There is one and only one reason to pluck out that sentence and make a story of it: to try to hurt Clinton politically by lying about her meaning and intentions.

I guess I’m just stating the obvious here, but this point is also worth belaboring: It was a political hit job. It wasn’t a revelation of relevant information; it was a distortion, a lie.

From the media’s perspective, “Clinton garbled a sentence” is true but not particularly newsworthy. “Clinton boasted about putting coal miners out of work” is false but definitely newsworthy (and damaging to Clinton) if it were true. In other words, there’s no honest reason to make this “gaffe” a story at all.

“But Dave,” you’re saying. “This got covered everywhere, including the MSM. Are you saying they were all lying in order to damage Clinton?”

No. That’s not how the game works. The game works like this:

Right-wing operatives and media figures watch Clinton intensely. Anything she says or does that can be plausibly (or implausibly) spun to appear maleficent, they spin. A vast echo chamber of blogs, “news” sites, radio stations, cable news shows, and Facebook groups takes each one of these mini faux scandals and amplifies the signal.

If one of the faux scandals catches on enough and dominates right-wing media long enough, then a kind of alchemy occurs. The question facing mainstream outlets is not, “Why aren’t you writing about what Clinton said?” That question is easy to answer: It’s a nothingburger. The question becomes, “Why aren’t you writing about the scandal over what Clinton said?”

Reputable mainstream journalists don’t have to pretend that Clinton meant the ridiculous thing right-wing media says she meant. They can just report that “some interpreted Clinton to mean [ridiculous thing],” and hey, that’s technically true. The fact that a bunch of right-wing political and media hacks feigned outrage becomes the story.

The coal gaffe followed that well-established trajectory. The second Clinton said the words, right-wing media yanked them out of context and spun them as cartoonishly evil. Then it’s, hey, CNN, why aren’t you covering the scandal over Clinton’s coal comments?

The groove is so well-worn that the whole cycle has compressed to hours now. Writers for purportedly nonpartisan outlets, desperate for clicks, eagerly hoover up the faux scandals, their journalistic sins washed away by the transformation of Thing to Scandal-About-the-Thing. The former does not need to have any significance, or even to be real, for the latter to flourish.
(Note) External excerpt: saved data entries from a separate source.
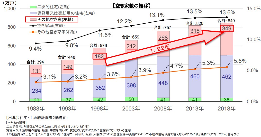 その証拠に、住宅・土地統計調査(総務省2018年)によると、全国空家は849万戸と、実は人口減少スピード以上に年々増加しています。
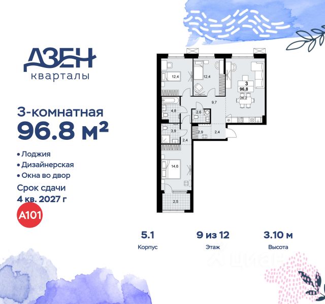 Продается 3-комн. квартира, с отделкой в ЖК "Новые Ватутинки. Квартал у реки". Общая площадь: 55.8 кв.м., жилая: 37.3 кв.м., площадь кухни: 4.3 кв.м. Этаж: 9. Район расположен всего в 14 километрах от МКАД по Калужскому шоссе, в центральной части Новой Москвы. Добраться сюда можно на автобусах и маршрутках от станций метро "Ольховая", "Теплый Стан" и "Бульвар Адмирала Ушакова". Время в пути от "Теплого Стана" и "Ольховой" занимает в среднем до 20 минут, даже в часы пик. В 2025 году рядом начнется строительство новой станции метро "Десна" (Троицкая линия), которая будет находиться в пешей доступности. Благодаря удачному расположению и развитой инфраструктуре Новые Ватутинки становятся одним из культурных и образовательных центров Новой Москвы. Строительство нового микрорайона началось с трех жилых корпусов, оснащенных подземными паркингами, индивидуальными кладовыми и коммерческими помещениями на первых этажах. Заречный имеет два удобных выезда на Калужское шоссе, что обеспечивает свободный проезд без заторов. В будущем жители также смогут пользоваться станцией метро "Десна", выбрав общественный транспорт. В районе предусмотрено строительство двух образовательных комплексов с детскими садами и школами, поликлиники и торгового центра Сквозь весь микрорайон — от будущей станции метро до набережной и парка "Андерсен" — протянется пешеходный бульвар длиной 1,5 км с уютными скверами, мини-площадями и садами. Архитектурная концепция предусматривает постепенное снижение этажности ближе к бульвару, создавая приятную для жизни и прогулок городскую среду. Принцип "город в гармонии с природой" реализован через дворы без машин и безбарьерное пространство на всей территории. Внутренние дворы будут предназначены для тихого отдыха и детских игр, а активные зоны разместятся на крупных плейхабах и в общественных пространствах. "Андерсен" станет центром активного досуга: здесь запланированы вело- и пешеходные маршруты, спортивные площадки, зоны для индивидуальных тренировок на свежем воздухе, а также места для рыбалки, сапбординга и тюбинга. Квартирный фонд отличается разнообразием планировок и продуманной эргономикой: просторные квартиры, большие лоджии, по две ванные комнаты. Свободные планировки позволят легко зонировать пространство под личные нужды — создать уютную спальню, рабочее место или гостиную. В цокольном этаже предусмотрены кладовые для хранения сезонных и крупных вещей, а также подземный паркинг с индивидуальными и семейными машино-местами. Спуститься к автомобилю можно прямо из квартиры — на лифте. Проект включает систему видеодомофонии: жители смогут получать уведомления о визитах гостей в режиме онлайн, открывать входную дверь удалённо, сохранять снимки с панели вызова, а также при желании — подключить наблюдение за камерами в лифтах через мобильное приложение. Выдача ключей в 2027г.
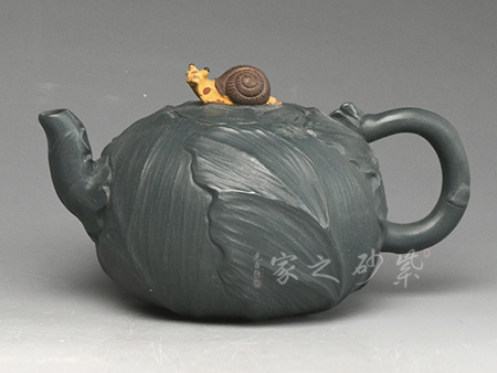 特点:块状中有青绿色的"鸡眼"、"猫眼"、色呈偏紫泛青,细而纯正, 十分稀少.烧成的壶呈现 红猪肝色,烧成颜色具体要看矿料的成分构成和烧成温度。
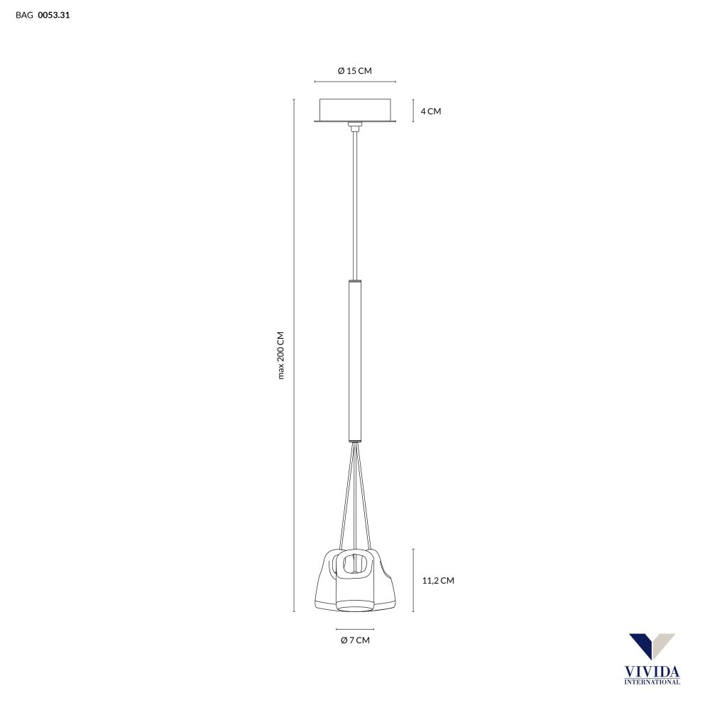Dimensioni: Ø 15 cm – Altezza 200 cm (cavo incluso).
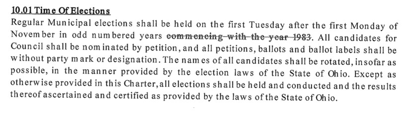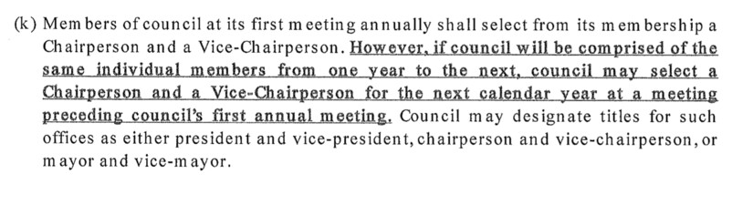 Section 10.01. Words that have lines running through them will be removed if a majority affirmative vote happens for passage.Shall Section 3.03 of the City of Franklin Charter be amended to allow City Council to select a Council Chairperson and Vice-Chariperson for the next calendar year prior to the first Council meeting of that year if Council is composed of the same individual members from one year to he next?

But note that when mainstream critics talk about these things, it’s never the things themselves that are the problem. It’s always the optics: “how it sounded” or “how it looked.” If you unpack that a little — “she should have known how it would look” — here’s what it means: She should have known that anything she does or says that can be spun to look bad will be spun to look bad, and the MSM will pass along the spin uncritically, so she shouldn’t have done or said anything that can be spun to look bad.